I can easily imagine a patient presenting with some atypical sounding chest pain, some breathlessness accompanying it, who is written up for “ACS protocol” medications on admission, and spends a little time awaiting investigations to rule in or out significant cardiac disease.  After a couple of days the patient may develop their bleeding complication, and on the story goes.  The patient has probably had great protocolised medicine, and has had their risk factors assessed, and their symtpoms noted and reacted to, but perhaps their whole situation hasn’t been weighed up.  For example, the application of the “ACS protocol” to patients who don’t fit the evidence base (eg those with a history, but without ECG changes or enzyme elevation were excluded from the CURE trial after the first 3000 patients) may not be great evidence based medicine – but it is often a protocol applied to patients presenting with cardiac sounding chest pain to the acute medical unit, prior to the full information, and therefore full estimation of benefits and harms can be considered.

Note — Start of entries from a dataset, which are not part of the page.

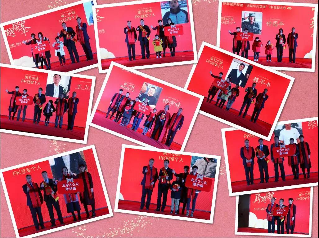 隨后,華興公司對2018年四季度PK賽各小組冠軍,小組冠軍個人及家屬、超額獎,研發(fā)創(chuàng)新獎,年度總冠軍團隊等獲獎團隊和個人一一兌現(xiàn)承諾,董事長冀葉軍親自為每個獲獎團隊和個人頒獎;同時小組冠軍個人及家屬還獲得公司提供的北京3-5日豪華游!
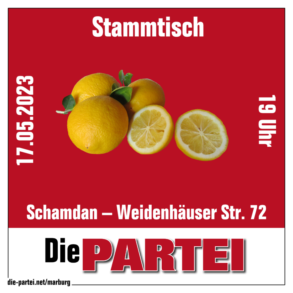 Beim Landesparteitag des Landesverbandes Hessen der Partei Die PARTEI wurde am 05.03.2023 im Philipp-Scheidemann-Haus in Kassel ein neuer Landesvorstand gewählt. Mit klarer Mehrheit wurde ein Vorstandsblock rund um die Darmstädterin Mandy Pingel als erster Vorsitzenden gewählt, dem aus Marburg auch Franziska Schlegel als Schatzmeisterin und Dr. Ulrich Wolf als Regionalkoordinatorin angehören. Mit dem neuen Vorstand gewinnt Die PARTEI für den Landtagswahlkampf in Hessen eine solide Basis zur Unterstützung des Spitzenkandidaten Dominic Harapat (Wetzlar). Dabei werden entscheidende Impulse auch von Marburg ausgehen. Die ausgewiesene Finanzexpertin und Excelspezialistin Franziska Schlegel wird die Einwerbung und Verwaltung von Spenden- und Fördergeldern auf ein neues Niveau bringen. Dr. Ulrich Wolf gilt als ausgewiesener Experte für das Lokalkolorit fast aller Landesteile und wird den Wahlkampf auf Verbandsebene revolutionieren. Als Vorsitzender des Kreisverbandes Marburg-Biedenkopf weiß er die Basis in einem der ältesten Kreisverbände der Partei hinter sich. Der gesamte Vorstand, bestehend aus Mandy Pingel (Vorsitzende, Darmstadt), Darwin Walter (stellv. Vorsitzender, Gießen), Franziska Schlegel (Schatzmeisterin, Marburg), Steven Tereschenko-Schuster (stellv. Schatzmeister, Offenbach), Mario Pingel (Generalsekretär, Darmstadt), Christopher-Ray Lenz (stellv. Generalsekretär, Wetzlar), Alexander Diller (polit. Geschäftsführer, Altenstadt), Josephine Scheef (stellv. polit. Geschäftsführerin, Mühlheim) und Dr. Ulrich Wolf (Regionalkoordinator, Marburg), wird die Verantwortung für den Einzug von Dominic Harapat in die hessische Staatskanzlei auf dessen zielstrebigen Wahlkampf abwälzen.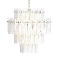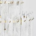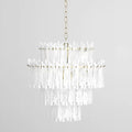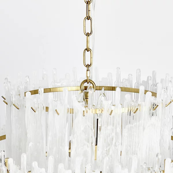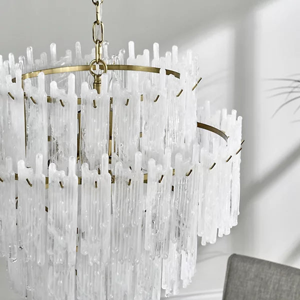 The Everly Chandelier by Classic Home transforms conventional illumination into an individual artistic expression of light and texture. Wax-drop glass cascades through four dramatic tiers, creating a mesmerizing dance of sparkling radiance. Each wax-drop glass plate is a unique art piece, suspended from a slender hook around the outer rim of each ring. The tall structure matches intricate Art Deco design with contemporary clarity, casting a mix of glittering brilliance and strong downlight that gloriously accents its surroundings.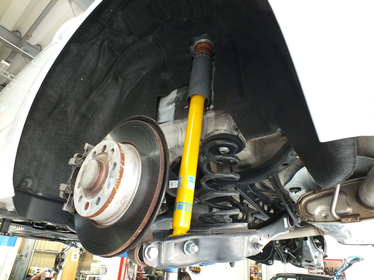 アウディA3CODのオーナー様からお問い合わせを頂いてから数ヵ月程経ち、本日ダンパーのリフレッシュを行わせて頂きました。大変お待たせいたしました。車高が下げたいという願望はなく、シャキッとした足回りにしたいというご希望から以前にも使用したことがあるというビルシュタインB6ダンパーを装着させていただきました。同時にアッパーマウントの交換も行ったため、予想通り若干車高が上がりました。そして追加でご依頼いただきましたセンターフロアブレースの装着で路面の荒れや速度を上げてのコーナリング中の快適性の向上を図りました。帰り道の高速道路走行はいかがでしたか?またのご連絡をお待ち致しております。~~使用パーツ~~

When we then consider the solution to this conundrum seems to be to add in further medications to offset the harms of those potentially initiated on a less than optimal basis, I wonder if we aren’t just ending up chasing our tails.

Maybe we need to come back to Sir Cyril again, and finish off his quote:

“Medicine used to be simple, ineffective, and relatively safe. It is now complex, effective, and potentially dangerous. The mystical authority of the doctor used to be essential for practice. Now we need to be open and work in partnership with our colleagues in health care and with our patients.”

It is the being open, and working in partnership with our patients that will deliver the better results.  Lets be honest – if a story doesn’t sound quite like a high-risk ACS then perhaps we could wait a bit for the evidence to back up our proposed management plan, and avoid overtreating, over medicating, and harming those at highest risk of both ‘natural’ and ‘iatrogenic’ disease.